Professor Patrick Honohan, who first called for such an inquiry in December is “satisfied” that he can complete the work asked of him by the Government within the current laws.
He gave the assurance in response to claims by Labour Party who said there were “serious legal doubts” surrounding his role in the inquiry.
Prof Honohan has been asked to write a report on “the performance of the respective functions of the Central Bank and Financial Regulator” from its establishment up until September 2008.
This report will be one of two “scoping documents” which will determine the issues to be investigated by the commission of investigation and potentially inform an Oireachtas inquiry.
But Labour pointed out that a “legal gag” contained in the Central Bank Act 2003 prohibits him from “publicly discussing or disclosing in any manner any commercially confidential information in relation to any regulated firm or individual”.

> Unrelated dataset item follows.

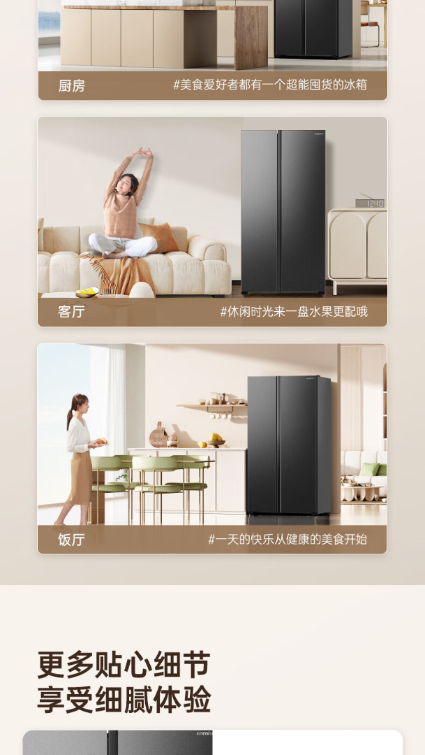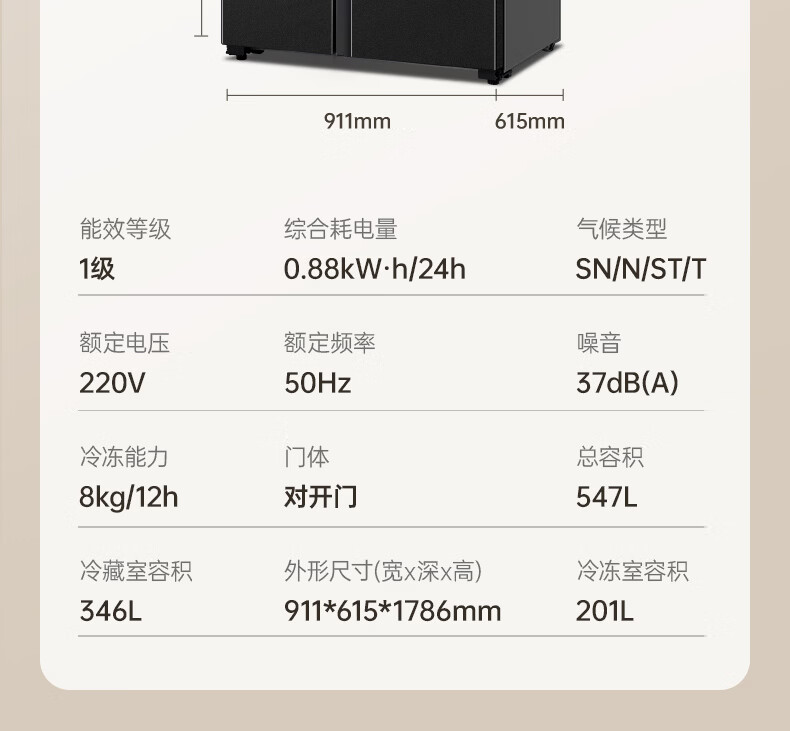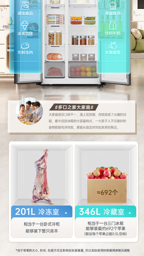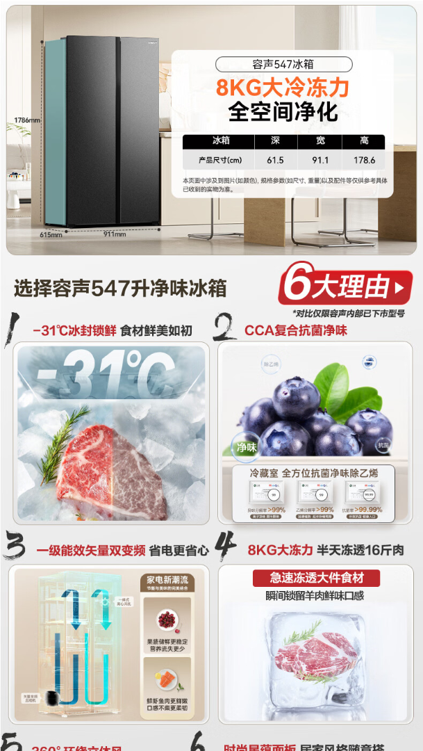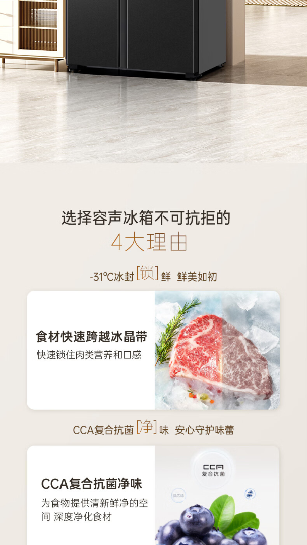 容声(Ronshen)547升双开门对开门电冰箱家用一级能效节能变频风冷无霜抗菌净味大容量 BCD-547WD12HP灰

Labour’s Finance spokeswoman Joan Burton said the law must be amended if Mr Honohan is to have any “meaningful role” in the inquiry.
“It is difficult to see how any inquiry undertaken by him can contribute to public knowledge on the events that led to the banking crisis,” she said.
“This is just another example of legal pitfalls and the capacity for delay in the convoluted process the Government has come with in other to avoid, at all costs, the public, open, Oireachtas driven inquiry that Labour has been seeking.”
But when challenged on the issue in the Dáil, Taoiseach Brian Cowen said Ms Burton “is very good at conspiracy theories and this one is as good as it gets”.
He said: “Prof Honohan has agreed to do the job he has been asked to do and will do it. He has no intention of doing anything illegal. He will do his job.”
Similarly, Finance Minister Brian Lenihan last night insisted that Mr Honohan would not be barred from expressing his views on the matters he will be examining for the scoping document. Mr Lenihan said Mr Honohan was in an “ideal position” to look at these issues and prepare the report.
A spokesperson for the Central Bank said: “The Governor is satisfied that he can complete the work he has been required to undertake within the existing legislation.”